Sunday, December 9, 2012

3 Important Forex Rules Designed To Keep You in the Game For The Long Haul


There is nothing in the Forex market that is certain. Though many people try to make you think they have the magic system that will start the money rolling in immediately, there actually is no such system. This is especially true for those who are trading the Forex market when they have no experience to fall back on.

However, once a person learns the Forex game his chances for success improve considerably. In this article, we will talk about three rules that, if observed, will help you get past the beginning stages of Forex trading and therefore, greatly increase your chances for success.

The three rules Forex trading beginners should observe are:

Don't trade too many different pairs at first - specialize in one or two Stay away from day trading techniques and instead design your trades for longer terms Get out of the losers quickly and let the winners run their course

Let's look into these rules to see why they're important.

Don't Trade Too Many Different Pairs At First - Specialize In One Or Two

A common mistake beginners make is to become enamored by all the many different Forex pairs that exist. There are over 50 different popular Forex currency pairs and when you are unsure of how to make smart trades, this variety only makes things more confusing. Many veteran traders suggest beginners should only trade the EUR/USD. This currency trade is the most popular. However, I believe the best thing about this pair for those who live in the United States is the fact it is bought and sold in American dollars. I believe this is a very solid reason for a beginner to specialize in this currency pair. I believe specializing in the GBP/USP is just as logical. Of course, if you lived in Canada you would be better off trading something that trades Canadian dollars. Such a trade would be the EUR/CAD.

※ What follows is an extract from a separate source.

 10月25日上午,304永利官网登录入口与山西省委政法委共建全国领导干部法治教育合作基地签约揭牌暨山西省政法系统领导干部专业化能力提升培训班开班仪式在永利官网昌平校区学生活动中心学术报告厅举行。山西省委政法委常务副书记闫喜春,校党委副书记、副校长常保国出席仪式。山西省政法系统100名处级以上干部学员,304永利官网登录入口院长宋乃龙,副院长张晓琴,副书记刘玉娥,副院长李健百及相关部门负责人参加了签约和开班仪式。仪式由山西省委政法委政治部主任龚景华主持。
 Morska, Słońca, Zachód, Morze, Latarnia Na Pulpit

Stay Away From Day trading Techniques And Instead Design Your Trades For Longer Terms

Day traders dedicate their whole day to sitting at their computer overseeing automated trades in their accounts. They are ready to move at any second and live a very hectic existence. Beginners tend to always be on here trigger alert to begin with. Therefore, it is wise for them to adapt a slower, less intense strategy. Such a strategy would be to trade in their chosen currency pair and once the trade is entered set a stop loss on the order.

Then they should let the trade go until either the stop loss takes effect or the trade starts making them money. If it does start to move in the favorable direction, they should move their stop loss closer to where the pair is currently trading. If this strategy sounds simple, that's because it is. However, a lot can be learned from making these types of trades when first starting out.

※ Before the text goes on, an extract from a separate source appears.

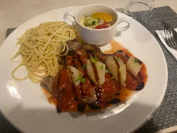 之前见网上有人介绍过, 所以要来试下 食物 : 香煎大龙脷柳意粉+冻柠茶 $101 ~ 餐汤是自家制忌廉粟米汤~好味, 沙律新鲜好食, 鱼柳煎很香脆, 意粉不是白烚, 有炒过好好味 红酒烩牛脸肉意粉+冻柠茶 $104 ~ 牛肉煮得好淋好入味, 值得推介 环境 : 布置简简单单, 座位舒服干净 地点 : 餐厅在骆驼漆大厦, 由MTR行过来约5分钟 服务 : 职员有礼貌主动 价钱 : HK$205/2人 (无加一服务费)
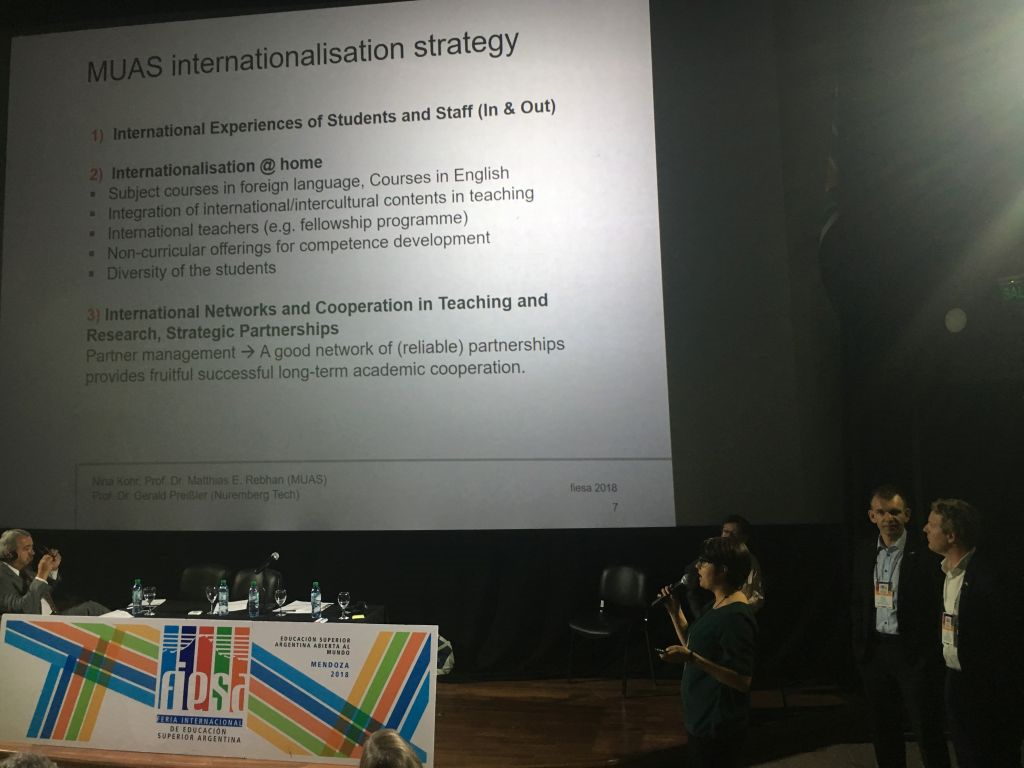 • „Der Beitrag von internationalen und englischsprachigen Studiengängen für die Ziele der Internationalisierung“ – ReferentInnen: Nina Kohr, Prof. Dr. Gerald Preißler und Prof. Dr. Matthias Rebhan. Sie sprachen zu dem Thema: „Der Beitrag von internationalen und englischsprachigen Studiengängen für die Ziele der Internationalisierung“. In diesem Panel stellten u.a. auch Hochschulen aus Argentinien, Brasilien und Uruguay ihre hausinternen Internationalisierungskonzepte vor.

Get Out Of The Losers Quickly And Let The Winners Run Their Course

If you follow the strategy outlined above, this rule will be easy to implement. However the importance of this rule cannot be overstated. In short, you should never live in hope that a trade moving against you will turn around. If a trade is going in the wrong direction, get out of it! Get back in again when you're comfortable about the direction it is going. However, if it turns on you again, get out of it quickly this time, too. If you are able to lose small amounts of money you only need to make 30 to 40% good trades to more than make up for the bad ones.

While these strategies are not full proof, they will tend to give you staying power. However, ignoring them leaves you vulnerable to losing all your money very quickly and no longer being able to play the Forex trading game.